Seit es Computerspiele gibt, lassen sich religiöse Elemente in ihnen finden. Denn die Welt der Religionen bietet eine Fülle an Geschichten, Figuren und Konflikten, die sich bestens eignen für Unterhaltungsmedien. Doch vor allem in der unabhängigen Entwicklerszene geht der Trend in Videospielen zunehmend zu ernsten Themen.

Von Benedikt Schulz | 31.01.2018
    Screenshot aus "Fight of Gods" - Jesus und Buddha prügeln sich
    In "Fight of Gods" prügeln sich die Götter (PQube / Fight of Gods)
    Martialische Musik - Schrift wird eingeblendet: Die Götter sind im Krieg. Auf dem Bildschirm. Buddha kämpft: gegen Zeus, dann gegen Anubis und gegen Moses. Dann geht eine Sonne auf über dem Hügel Golgota - ein muskulöser Jesus reißt sich vom Kreuz und prügelt auf Buddha ein. Und man liest: "Er ist zurück und er ist kreuzwütend."
    Der Trailer zum Videospiel "Fight of Gods" - Kampf der Götter - stimmt ein auf ein bizarres Prügelspiel. Es versetzt die Spieler in die Rolle von Zeus oder Anubis, Odin oder eben auch Jesus. Und lässt diese dann gegeneinander antreten. Jeder von ihnen mit besonderen Fähigkeiten: Moses etwa, wenn auch streng genommen kein Gott, kann seinen Gegner verletzen, indem er die Steintafeln mit den zehn Geboten anruft. Christian Schiffer sagt:
    "Spiele haben ja so diese Fähigkeit, einen andere Rollen ausprobieren zu lassen, warum nicht die Rolle eines Gottes, mit all den Vorteilen und Nachteilen, die das mit sich bringen kann?"
    "Spielmechanisch kommt Religion wirklich dauernd vor"
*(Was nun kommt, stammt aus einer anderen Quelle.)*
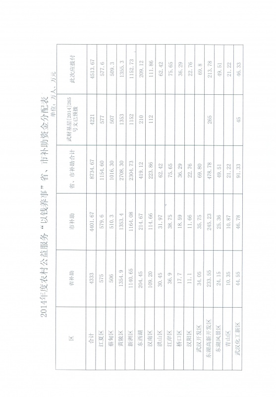 2014年度第一批农村公益性服务“以钱养事”省级补助资金-武财基层[2014]457号
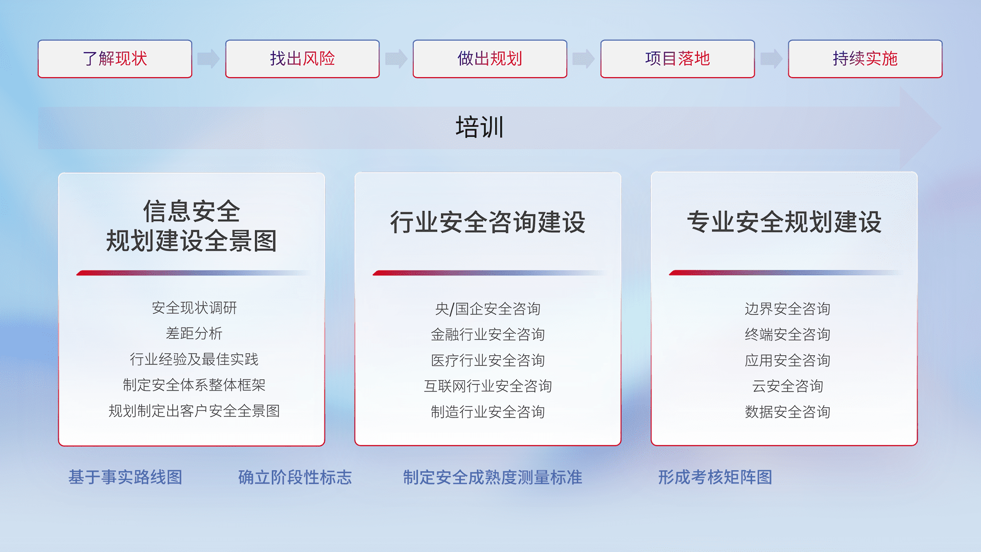 通过专业的法律咨询解读、、、合规架构体现、、、差异化解决方案、、、测试实施支持等服务,,为客户量身打造等保合规体系。。。
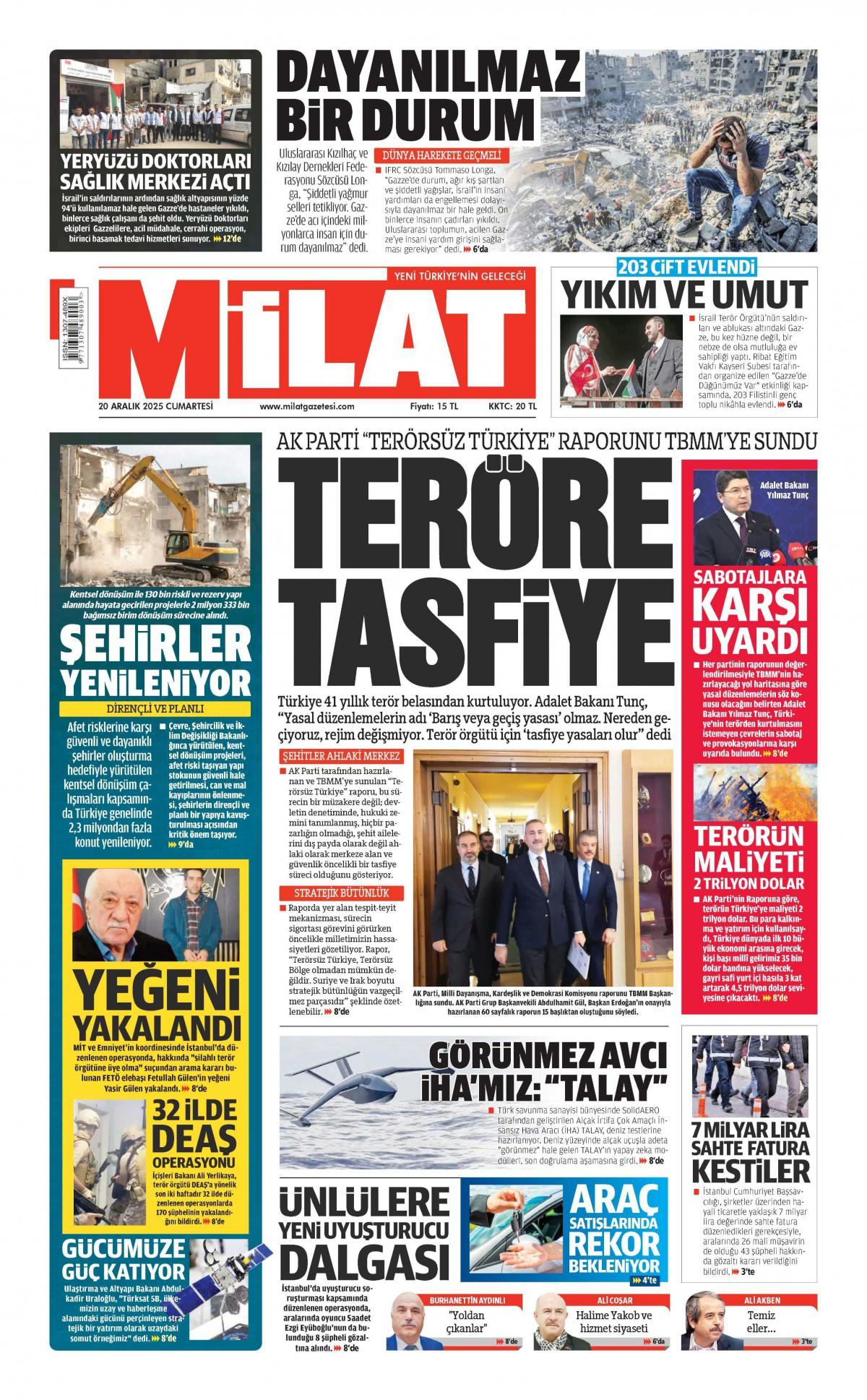Milat Gazetesi 20 Aralık 2025 Günü Manşeti
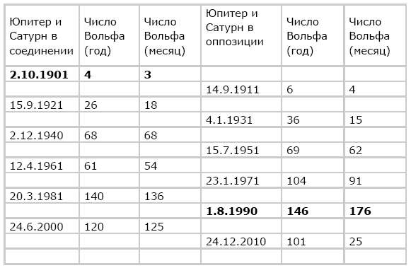 Соединение и оппозиция планет-гигантов и солнечная активность
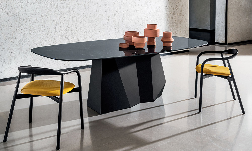 Tavolo con base in metallo verniciato, disponibile in varie finiture. Top temperato o stratificato in varie misure, materiali e finiture
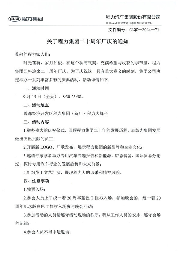 關于程力集團二十周年廠慶的通知 尊敬的程力家人們: 時光荏苒,歲月如梭。在這個秋高氣爽,充滿希望與收獲的季節里,程力集團即將迎來二十周年廠慶,為了慶祝這一具有重大意義的時刻,集團公司決定舉辦一系列豐富多彩的慶典活動,活動詳情如下: 一、活動時間 9月15日(全天),8:30-23:58。 二、活動地點 曾都經濟開發區程力集團(新廠)程力大舞臺 ![]() 三、活動內容 1.舉辦盛大的慶祝儀式,回顧程力集團二十年的發展歷程,表彰為集團發展做出突出貢獻的員工; 2.開展新LOGO、廠歌發布,展示程力集團的新品牌和企業文化; 3.邀請專家學者舉辦專用汽車專題報告和新能源、應急裝備、國際貿易分論壇,探討專用汽車行業的發展趨勢和未來前景; 4.組織員工文藝匯演,展現程力人的風采和精神風貌。 四、注意事項 1.憑票入場; 2.參會人員上午統一著20周年藍色T恤衫入場,參加晚會的,統一著20 周年紀念版白色T恤衫入場參與晚會互動; 3.參加活動的人員請遵守活動現場的秩序,聽從工作人員的安排,遵守會場的紀律; 4.參會人員不得中途退場; 5.請大家在活動期間注意安全,確保人身和財產安全; 6.請各子公司、各部門提前做好活動準備工作,確;顒禹樌M行; 二十年風雨兼程,二十載春華秋實,程力集團的二十年,是拼搏奮進的二十年,是開拓創新的二十年,以二十周年廠慶為新的起點,鄭重邀請各位程力家人們出席公司“20周年慶”活動,共同分享程力集團的美好時刻,為實現程力集團愿景目標而努力奮斗! 特此通知。 ![]() ![]() |
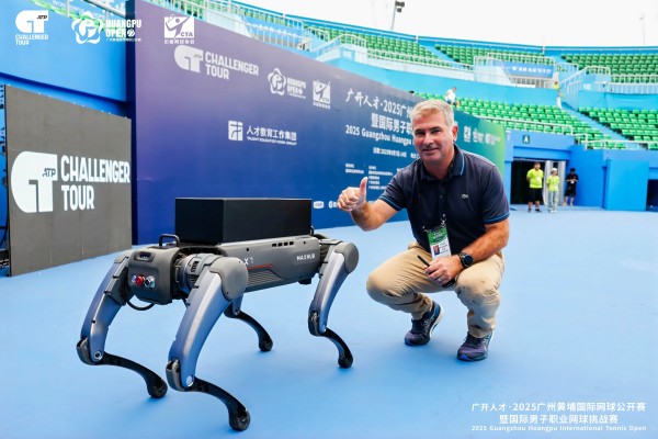 2025年9月14日广开人才·2025广州黄埔国际网球公开赛暨国际男子职业网球挑战赛ATP100迎来激动人心的单打决赛日,2号种子塞伦多洛以6比2和6比3击败6号种子塔比洛,夺得男单冠军。在这场高水平国际赛事中,除了运动员们的精彩表现,一位特殊的“工作人员”——视源股份旗下MAXHUB X7四足机器人惊艳亮相,以其精准可靠的表现,圆满完成了“球童”任务,以灵动的姿态与硬核的科技实力,展现了科技与体育融合的创新魅力,成为赛场上一道亮丽的科技风景线。它也成为黄埔“广东智造”的鲜活代言人,彰显黄埔“体育+科技”的独特魅力。

    Der Spieler wird Gott - und das Spiel erklärt, wozu Religion gut sei.
    "Religion beeinflusst Ihr Imperium auf vielerlei Arten, aber ihr wesentlicher Nutzen besteht darin, dass sie Ihr Volk glücklich macht. Glückliche Bürger sind produktiver."
    Oliver Steffen sagt:
    "Und wenn man jetzt Religion aus dieser Sicht betrachtet, dann hat man es natürlich nicht mit einer religiösen Sicht auf Religion zu tun, sondern mit einer distanzierten, soziologischen und tendenziell eben auch religionskritischen Sicht."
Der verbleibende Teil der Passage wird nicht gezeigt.